EXERCISE AIM ▸
For the records that follow, restate each one word for word and leave the images behind.

══ SUPPLIED RECORDS ══

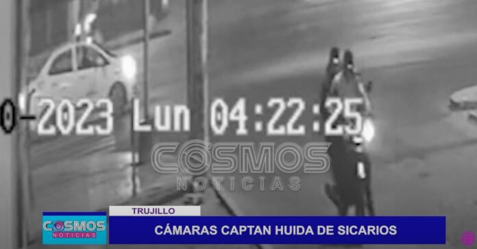 Cámaras de seguridad captaron la huida de los sicarios que asesinaron al joven de 23 años, identificado como Roger Hurtado Carrión, la madrugada del lunes en la av. Túpac Amaru.
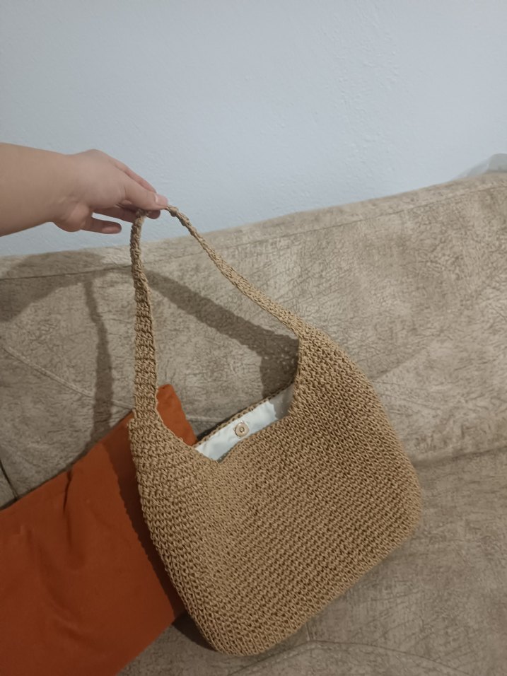Bej renkli, örgü dokulu kadın çantasıdır. Minimalist ve bohem tarzda, desen içermeyen günlük kullanım için uygundur.
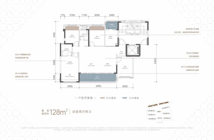 128功能套四:6.9米横厅,纯正真四房
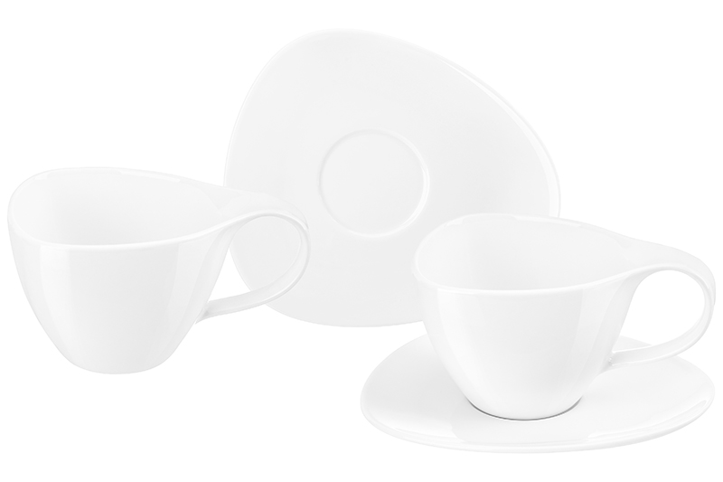 Набор 2 чайных пар из серии «Колоранс» от Elan Gallery предназначен для эстетичной сервировки вашего стола. Размер каждой ёмкости – 14,3х10,3х7,8 см, объём – 300 мл. Размер каждого блюдца – 17,2х15,4х2,2 см. Выполнены из высококачественного белого фарфора. Он не впитывает цвет напитков и продуктов и легко отмывается, благодаря чему надолго сохранит свою белизну. Серия «Колоранс» – это фактурная посуда в современном исполнении. Изделия имеют необычную геометрическую форму, а благодаря «впалой» поверхности ручки кофейную кружку приятно держать и удобно переносить. Набор поможет провести множество приятных завтраков с капучино и латте, а также уютные чайные вечера с конфетами, вафлями, другими десертами и сладостями. Подойдёт ценителям чая и кофе, которые любят пить из красивой и необычной посуды. Согрейтесь зимой любимым горячим напитком: какао с маршмэллоу, ягодным чаем, горячим шоколадом. Летом освежитесь домашним лимонадом или морсом. Используйте сервировочные блюдца как подставки для чашек, чтобы порадовать гостей изящной сервировкой. Положите на десертные тарелки пирожные, кусочки торта или домашнего пирога. Подойдут не только для десертов, но и для закусок: сырной нарезки, сырокопчёной колбасы или свежих овощей и зелени. Декоративные изделия добавят эстетики любому чаепитию. Не рекомендуется применять абразивные моющие средства. Подходят для использования в микроволновой печи и посудомоечной машине. Поставляются в дизайнерской картонной коробке – благодаря ей вам не потребуется дополнительная подарочная упаковка. Фарфоровая сервировочная посуда послужит оригинальным подарком для хозяйки, ценящей не только практичность, но и привлекательность. Серия «Колоранс» от бренда Элан Галерея станет украшением любого кухонного инвентаря и позволит собрать сервиз в едином стиле!
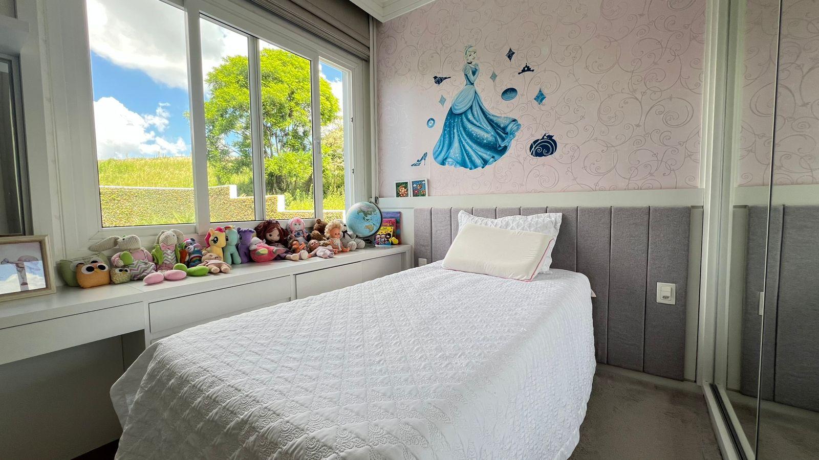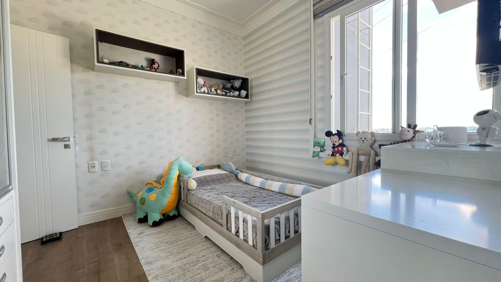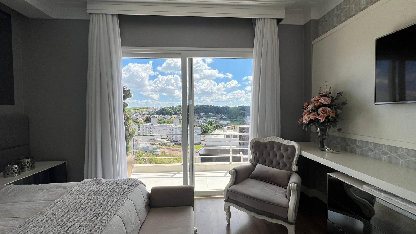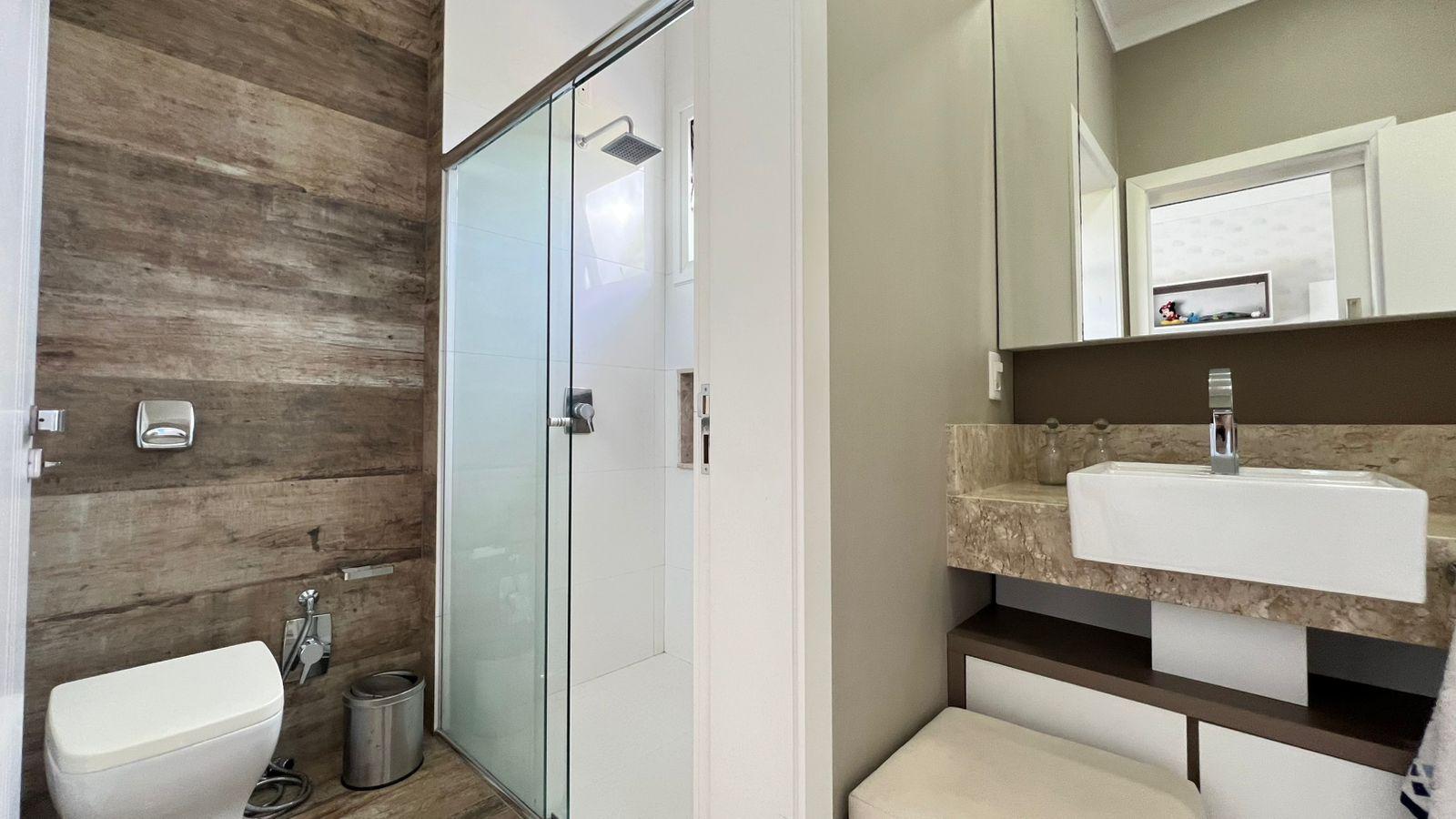 1 suíte com closet + 2 demi‑suítes; salas de estar e TV; cozinha; escritório; lavabo; banheiro social.

═══

ANSWER BELOW ▸
 Cámaras de seguridad captaron la huida de los sicarios que asesinaron al joven de 23 años, identificado como Roger Hurtado Carrión, la madrugada del lunes en la av. Túpac Amaru.
Bej renkli, örgü dokulu kadın çantasıdır. Minimalist ve bohem tarzda, desen içermeyen günlük kullanım için uygundur.
 128功能套四:6.9米横厅,纯正真四房
 Набор 2 чайных пар из серии «Колоранс» от Elan Gallery предназначен для эстетичной сервировки вашего стола. Размер каждой ёмкости – 14,3х10,3х7,8 см, объём – 300 мл. Размер каждого блюдца – 17,2х15,4х2,2 см. Выполнены из высококачественного белого фарфора. Он не впитывает цвет напитков и продуктов и легко отмывается, благодаря чему надолго сохранит свою белизну. Серия «Колоранс» – это фактурная посуда в современном исполнении. Изделия имеют необычную геометрическую форму, а благодаря «впалой» поверхности ручки кофейную кружку приятно держать и удобно переносить. Набор поможет провести множество приятных завтраков с капучино и латте, а также уютные чайные вечера с конфетами, вафлями, другими десертами и сладостями. Подойдёт ценителям чая и кофе, которые любят пить из красивой и необычной посуды. Согрейтесь зимой любимым горячим напитком: какао с маршмэллоу, ягодным чаем, горячим шоколадом. Летом освежитесь домашним лимонадом или морсом. Используйте сервировочные блюдца как подставки для чашек, чтобы порадовать гостей изящной сервировкой. Положите на десертные тарелки пирожные, кусочки торта или домашнего пирога. Подойдут не только для десертов, но и для закусок: сырной нарезки, сырокопчёной колбасы или свежих овощей и зелени. Декоративные изделия добавят эстетики любому чаепитию. Не рекомендуется применять абразивные моющие средства. Подходят для использования в микроволновой печи и посудомоечной машине. Поставляются в дизайнерской картонной коробке – благодаря ей вам не потребуется дополнительная подарочная упаковка. Фарфоровая сервировочная посуда послужит оригинальным подарком для хозяйки, ценящей не только практичность, но и привлекательность. Серия «Колоранс» от бренда Элан Галерея станет украшением любого кухонного инвентаря и позволит собрать сервиз в едином стиле!
 1 suíte com closet + 2 demi‑suítes; salas de estar e TV; cozinha; escritório; lavabo; banheiro social.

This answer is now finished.